This is great! I like that the focus is on companies (regardless of their hiring status), rather than job listings. When I started searching for remote positions a while back, I was more interested in finding a good company first, not necessarily a company that happened to have an open remote position at that particular point in time. So once I found a place that I liked, I'd add it to my notes and check their site from time to time (or if I really liked what they were doing, I'd get in touch directly). For me at least, that seemed to be more effective than constantly checking remote job sites.
For anyone else who's in the same boat, here are a few similarly helpful resources:
https://stayintech.com/info/explore (The companies on this list aren't all remote, but I'm including it anyway since diversity + inclusivity were also among my criteria.)
This is the first comment I read when seeing this and I agree with you, which makes me have an awesome feature to add. (I went back to see if it exists but the site isn't loading now) Sign up, select which companies you want to be notified of when they start hiring, and email you.
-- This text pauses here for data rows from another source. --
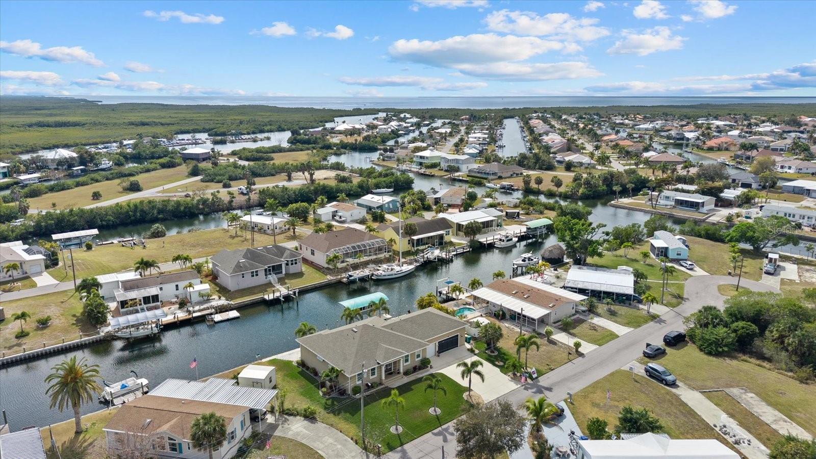 WATERFRONT LIVING WITH 100 FEET OF SALTWATER CANAL FRONTAGE AND DIRECT ACCESS TO CHARLOTTE HARBOR. Located in the Riviera Lagoons community with NO HOA, this 2016 elevated Florida style residence offers approximately 1,971 square feet of living space and quick boating access, approximately 12 minutes to open waters. The property features a 3-year-old roof and a 3-year-old concrete dock with covered boat lift, providing a turnkey setup for boating enthusiasts. Positioned on the Eldorado Waterway, this home offers 100 feet of waterfront and a north-facing water view. Inside, the open floor plan includes porcelain tile flooring throughout, high ceilings, tray and coffered ceiling details, crown molding, and abundant natural light. The kitchen is designed with solid wood cabinetry, stone countertops, eating space in kitchen, and a seamless kitchen/family room combination ideal for entertaining. The split-bedroom layout offers privacy, and the primary suite includes a walk-in closet. Additional features include inside utility room, central air and heat, ceiling fans, hurricane shutters, rain gutters, screened rear porch, and sliding glass doors that connect indoor and outdoor living. The oversized 35x30 attached garage accommodates up to 4 vehicles and includes tandem space and workshop area, ideal for storage, hobbies, or watercraft equipment. Situated on an oversized 100x95 lot with mature landscaping, paved streets, and proximity to area marinas, this property offers convenient access to Charlotte Harbor, downtown Punta Gorda, dining, shopping, and area schools. No minimum lease restrictions. A well-maintained waterfront residence designed for boating, entertaining, and Florida coastal living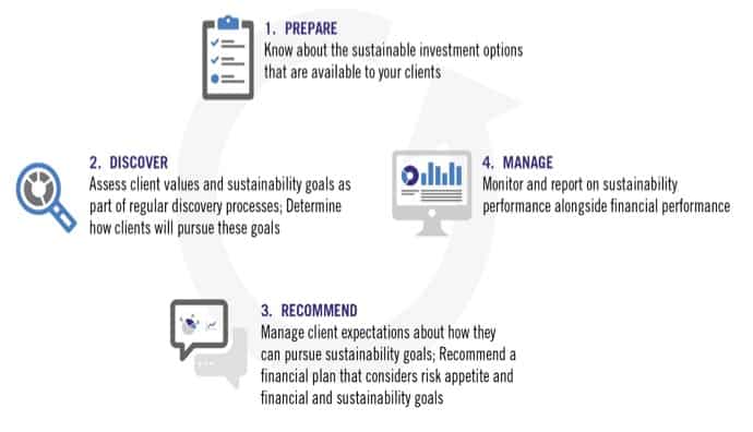The process for developing and recommending a sustainable investment plan is the same as the process for vetting conventional plans and approaches: First understand what the client is looking for and then solve for it. That is, when recommending a sustainable investment strategy, advisors should consider the client’s performance expectations, risk appetite and other important contextual factors as they normally would (e.g. insurance issues, tax considerations, capital gains and losses, estate plans), alongside their consideration of the client’s sustainability goals.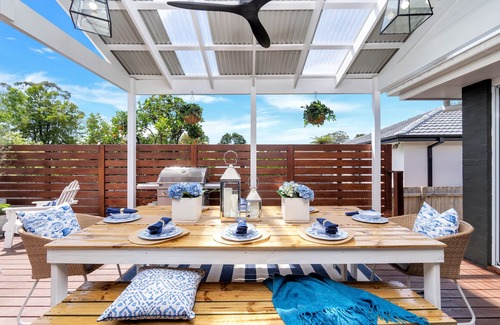 ♔ A Hamptons-inspired alfresco undercover deck area with 4-burner BBQ and fully-fenced yard
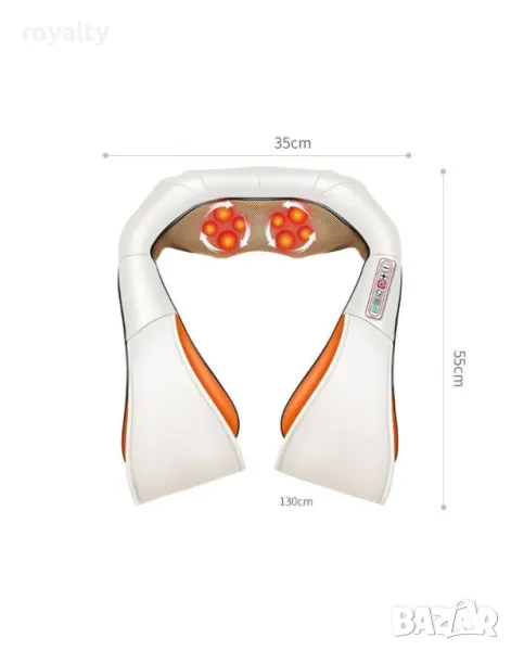 Шиацу 4D масажор за врат, гръб, плешки и рамене с функция затопляне / Дължина на продукта: 39 см; Ширина на активната част: 15,5 см; Височина на активната част: 18 см; Материал: Еко кожа, полиестер; Захранване: 220 V; Тегло: 1.9 кг; Честота: 50 Hz; Ниво на шум: 50 dB; 6 копчета за управление; Две глави с по 2 големи и 4 малки пръстчета; 4 големи и 8 малки пръста; Функция Инфрачервена терапия; Ръчно дистанционно управление.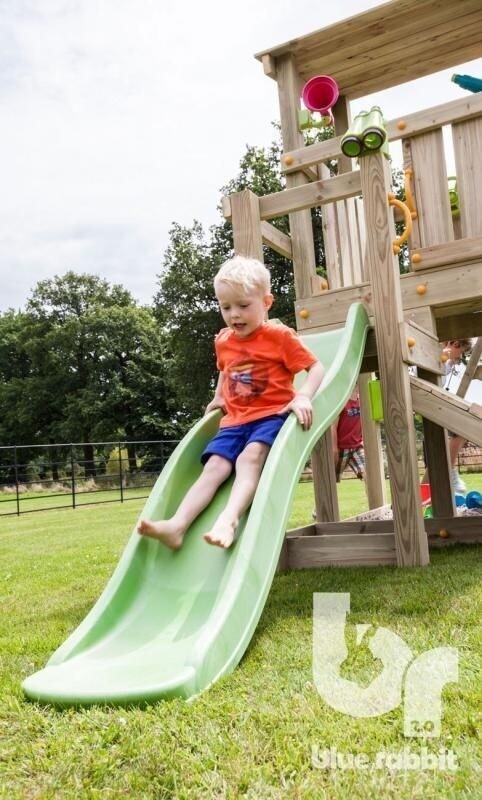 Als je kiest voor platformhoogtes 90 en 120 kun je er ook voor kiezen een glijbaan van 175 cm te plaatsen aan het platform van 90 cm. Ook is het mogelijk aan beide platformen een glijbaan te bevestigen. De glijbaan is optioneel en zal los erbij besteld moeten worden.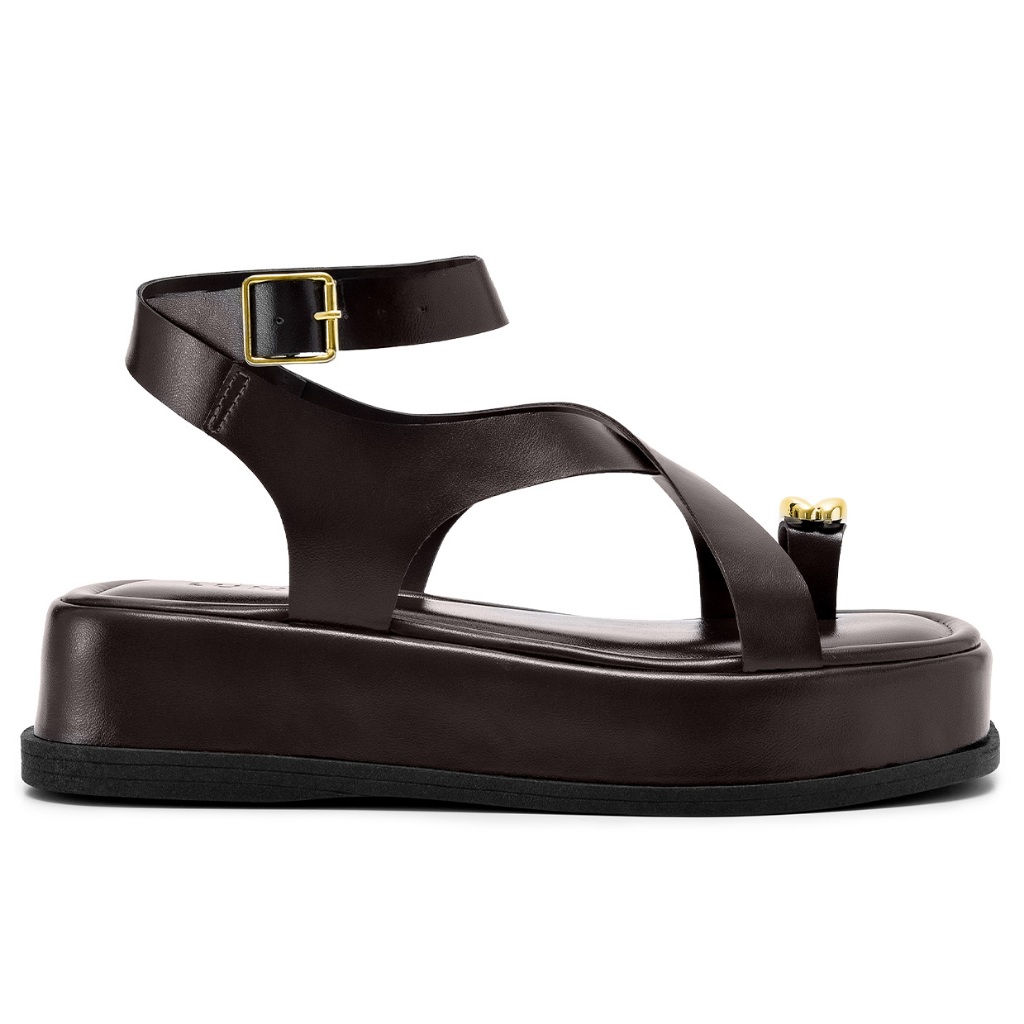 Sandália Feminina Lumiss Flatform Confortável Tiras Fivela Enfeite Metalizado Marrom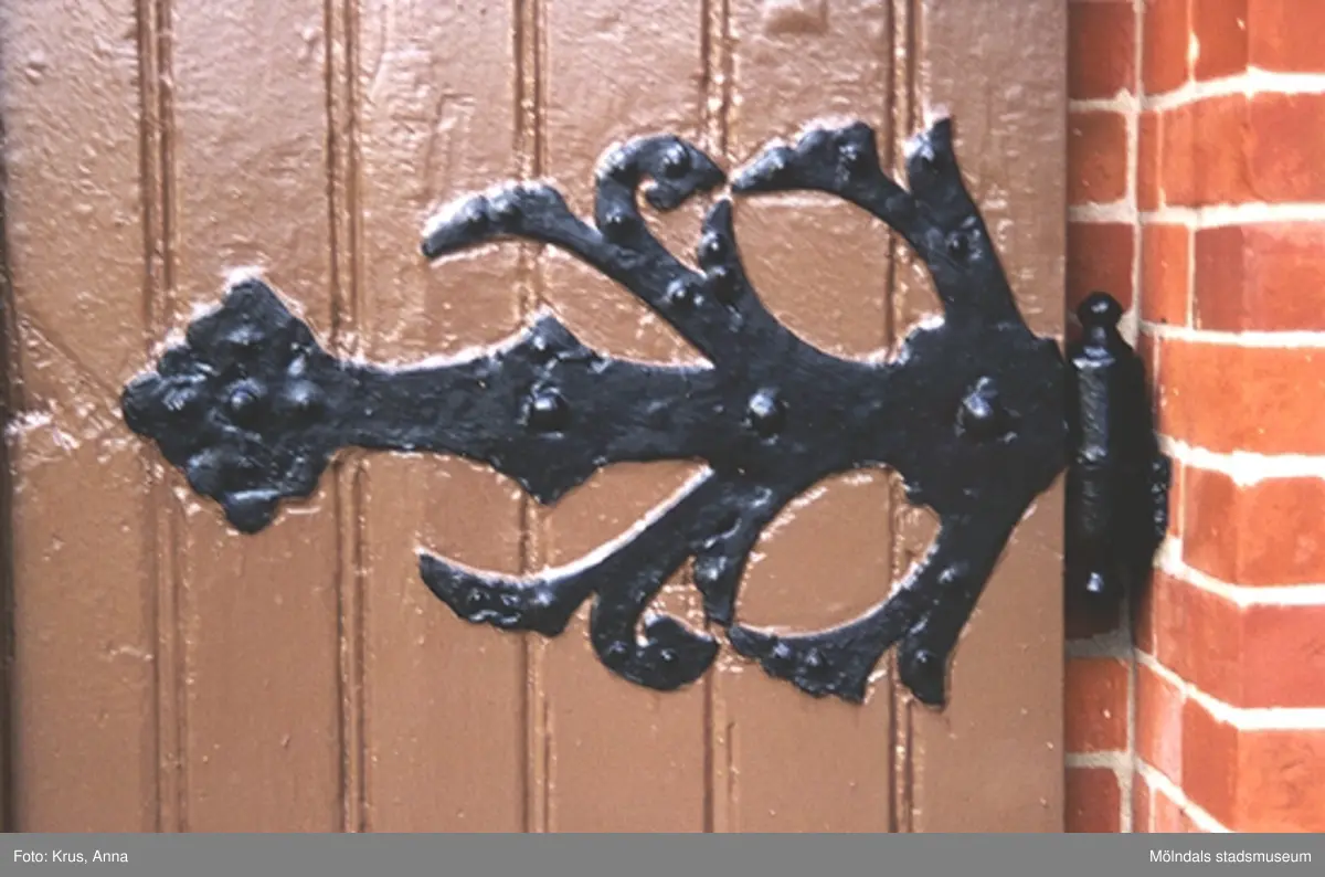 Fässbergs kyrka. Detalj av gångjärn på kyrkport.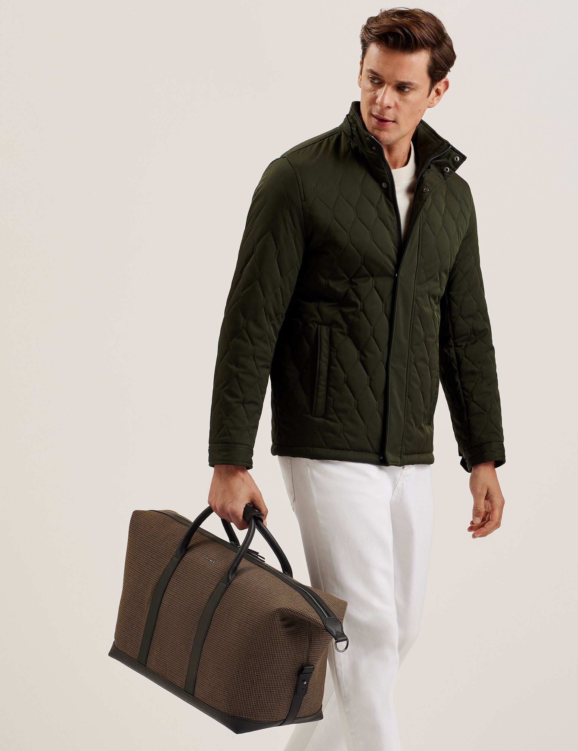 The MALCOM holdall bag is the only accessory needed for your weekend getaway. A checked wool blend fabric gives it a preppy feel, elevated by faux leather trims with a crosshatch texture. It's easy to carry on your travels thanks to top handles that feature a handy holder tab, as well as a removable strap fitted with shoulder pad.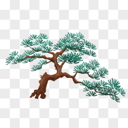 卡通手绘国潮松柏树枝免抠元素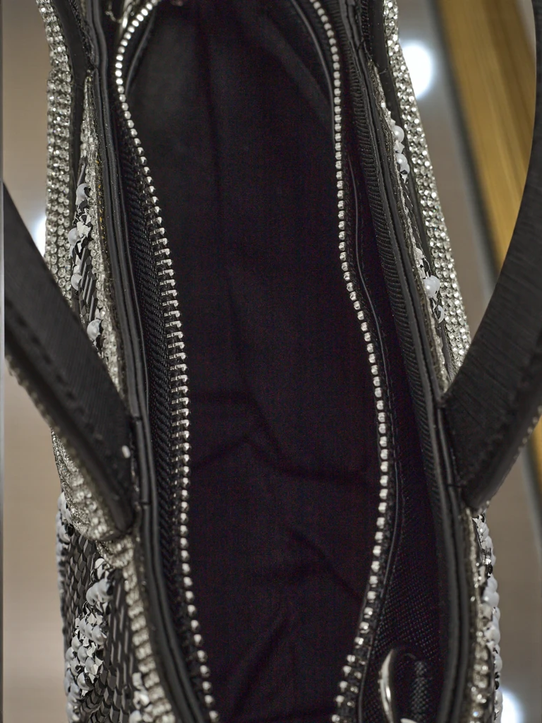 - Ослепителна малка дамска чанта с цирконии. Закопчава се с цип, с дръжки и откачаща се верижка. Идеална за вечерни излизания - малка, ефектна и пълна с блясък!
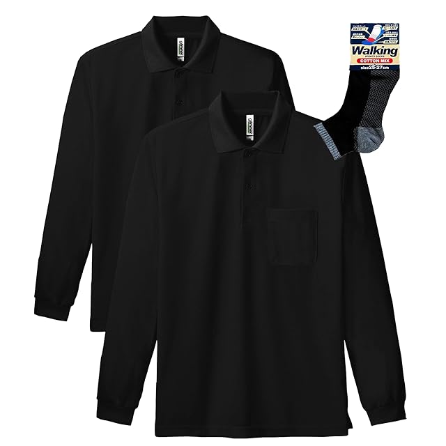 glimmer ロングスリーブ ドライポロシャツ ポケット付 2枚組 Sportsソックスセット ブラック LL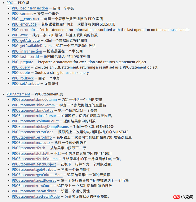 图片是PDO和PDOStatement类所声明的方法,可以看出,这两个类提供的方法虽然绝大部分不同,但是明显核心方法有重叠或重复,比如: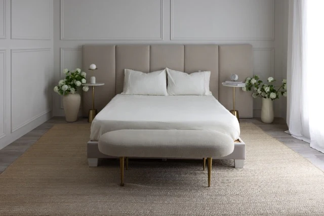 Our bedding collection is available in two sizes — Queen and King — offering both sheet sets and reversible duvet sets.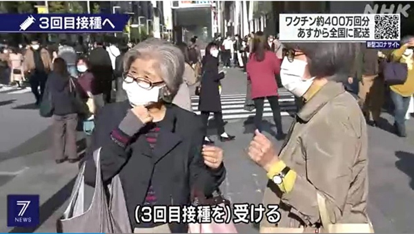 日本民眾在采訪時表示希望接種第三劑新冠疫苗。(NHK電視臺視頻截圖)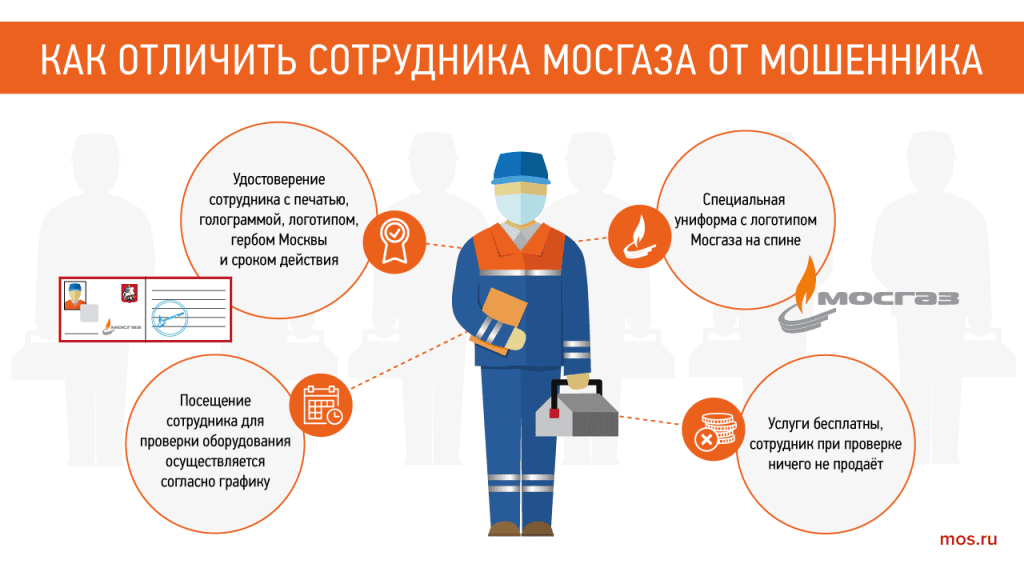 В последнее время участились случаи мошенничества. Прежде чем впустить специалиста в дом, стоит обратить внимание на его форму. Сотрудники предприятия одеты в форму темно-синего цвета со светоотражающими полосками, оранжевой кокеткой и логотипом «МОСГАЗ» на спине. При себе сотрудник должен иметь служебное удостоверение и использовать средства индивидуальной защиты.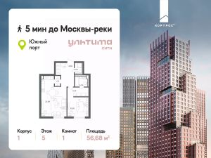 Продаётся 1-комнатная квартира от застройщика ГК "КОРТРОС" в жилом комплексе бизнес-класса УЛЬТИМА Сити. Квартира расположена на 5 этаже 45 этажного корпуса 1. Общая площадь 56,68 м². Без отделки.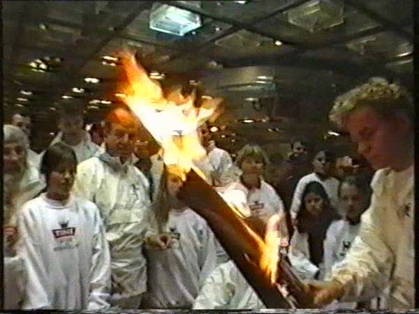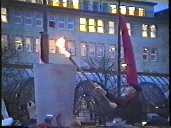 das Olympische Feuer vom damaligen Ersten Bürgermeister Hennig Voscherau auf dem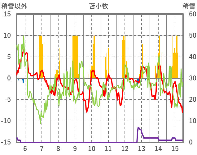 | 日 | 時 | 気温 | 降水 | 風向/風速 | 日照 | 積雪 | 降雪 |

Recently joined Canonical through this exact process. After checking every once in a while for a year or so a position in Australia opened up and I jumped on it.
Given these already strong lists, I'm curious why OP decided to start another vs. build upon them. We've seen several emerge in the past year or two, though unfortunately they're fragmented like this.
It's nice that RemoteBase is adding more structured data with filters to the mix, and while I'm not totally sure what "open database" means, I hope they're be an API.
It'd be really nice to have one authoritative source for referring to remote jobs, which as OP pointed out, for most interests really means remote companies.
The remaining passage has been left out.